KUALA LUMPUR (June 28): Public Investment Bank Research is optimistic ECA Integrated Solution Bhd could surpass PublicInvest's forecast of the company's financial year ending Oct 31, 2023 (FY2023F) with integrated production systems (IPS) to be the key growth driver.

“Contrary to the cautious stance in its previous investor briefing, management has turned more positive this time round after securing new and repeat orders for both the IPS and standalone automation equipment (ATE) businesses. IPS will continue to be the key growth driver for the Group until FY2024,” said the research house in a note on Wednesday (June 28) following this post-result briefing by the company.

PublicInvest has an outperform call on the company with an unchanged TP of RM1.12. It forecast ECA to post a net profit of RM14.7 million (from RM8.9 million in FY2022) on the back of RM46.1 million revenue (from RM27.5 million in FY2022) for FY2023.

The research firm said ECA management guided that its current book-to-bill ratio currently stands at 1.5 times (calculated over 2QFY2023) and the orderbook will last for the next three to six months.

It noted that about 50% of the orderbook is derived from the digital display tag under the IPS segment, while the remaining 50% comes from the Insulated-Gate Bipolar Transistors (IGBT) and EL2D laser drill products under the ATE segment.

It said IPS is expected to be the key growth driver for FY2023 -- FY2024F contributing 60%-70% of group sales, adding that ECA has set its target for another 20%-30% growth for FY2024.

PublicInvest said ECA’s new plant, which has a total production floor space of 11,000 sq ft (1,022 sqm) has recently secured a certificate of completion and compliance (CCC) from the local authority.

“To cater for the huge IPS orderbook, it will relocate all computer numerical control (CNC) machines to the new plant to free up existing production floor space for the IPS production, which could potentially go up to 36 stations compared with the current nine stations. As of now, the utilisation of production floor space stands at 30%,” it added.

Meanwhile, the research house said ECA’s ATE segment is also expected to see more repeat orders on the back of IGBT electric vehicle (EV)-related devices and potential new customers to cater to their EV projects.

“It is worth noting that its platform can cater to both silicon and silicon carbide (SiC)-based IGBT,” it said.

PublicInvest said apart from securing one IPS order for digital display tag product, ECA is still bidding for another repeat order for digital display tag production line, which is worth at least RM6 million to RM7 million.

“We understand that the customer is looking at more than 20 production lines over the next four to five years. The management believes it has the advantage over its China counterparts as its performance is far better, and it is also a pioneer in this production line design,” it added.

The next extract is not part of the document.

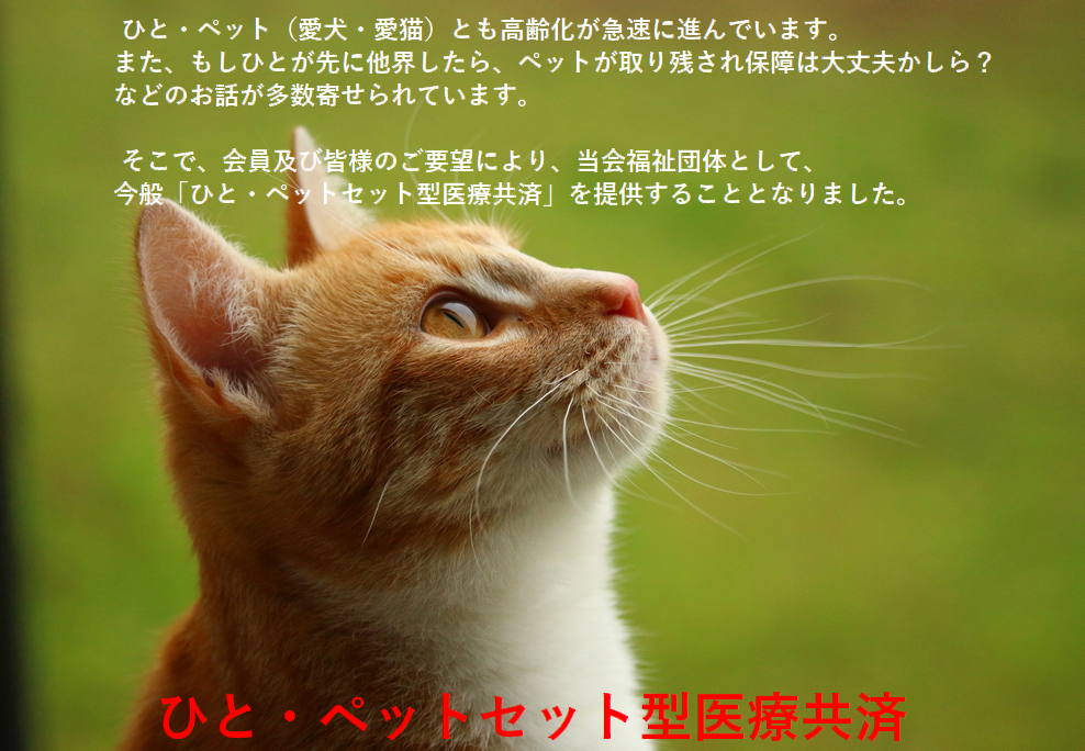 そこで、会員及び皆様のご要望により、当会福祉団体として、今般「ひと・ペットセット型医療共済」を提供することとなりました。

Meanwhile, PublicInvest said ECA is also participating in another new IPS tender for EV parts as the customer is looking for more than 10 production lines over the next two to three years.

“Despite seeing competition, the management believes ECA has the advantage in terms of the complexity of the project. It is worth noting that 50%-70% of these electronics manufacturing services (EMS) orders are normally undertaken by the customer’s in-house automation while the remainder will open up for tender,” said the research house.

Thinly-traded ECA shares settled at 85.5 sen during early trade, valuing the company at some RM494 million.